Coelho, whose novels are enriched with the spiritual data of the distorting followers of ancient religions, advocates for abandoning these religions under the pretext of religious conflicts and in pursuit of universal peace. He suggests replacing the lofty stature of every religion with his findings, which lack any connection to God and, like constructed religions, distort truths. This absolute rejection of religion leads to opposition against true divine religion as well.
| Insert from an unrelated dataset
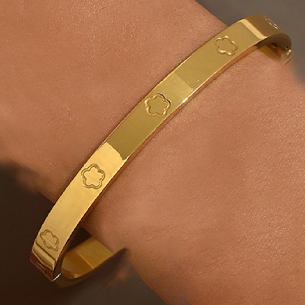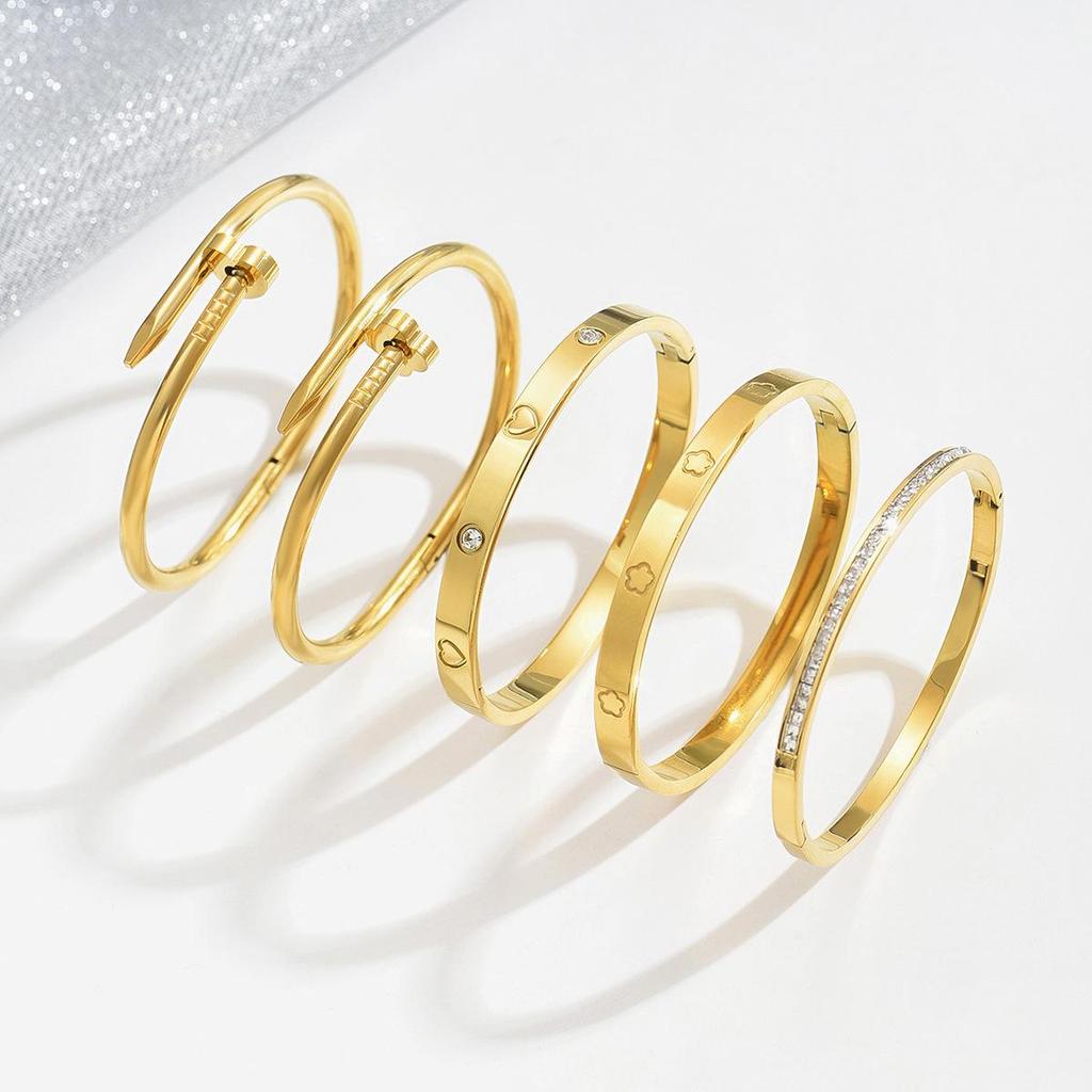 Набор браслетов из золота и нержавеющей стали с гвоздями, усыпанными бриллиантами, звездными акцентами и браслетами в виде четырехлистника.

The Alchemist is a book that Iranian youth are systematically exposed to. They read it, highlighting passages relevant to their lives to internalize and live by them. To achieve personal aspirations and goals, even if incorrect, incompatible with their nature, or blasphemous, they pursue them through any means, trusting any sign, with pride in a will that breaks all barriers and the magical force of their personal legend that unveils mysteries. They feel no need for divine religion.

Moreover, Coelho does not relent, explicitly warning youth against all religions, even healthy divine ones, while obligating them to uphold and practice the rituals and traditions he recommends in place of religious rites, as well as to accept his distortions of truths.

The Alchemist is a clear example of ornate spiritual rhetoric and deceptive allure through the magic of beautiful expressions and manipulative chaos-writing. Lacking intrinsic meaning, it merely indulges in fantasy and occasionally imposes its dictates to suppress rational critique, compelling the reader through suggestion to adhere to them. Instead of the Magi’s spiritual truths, it conveys a constructed, chaotic pseudo-spirituality.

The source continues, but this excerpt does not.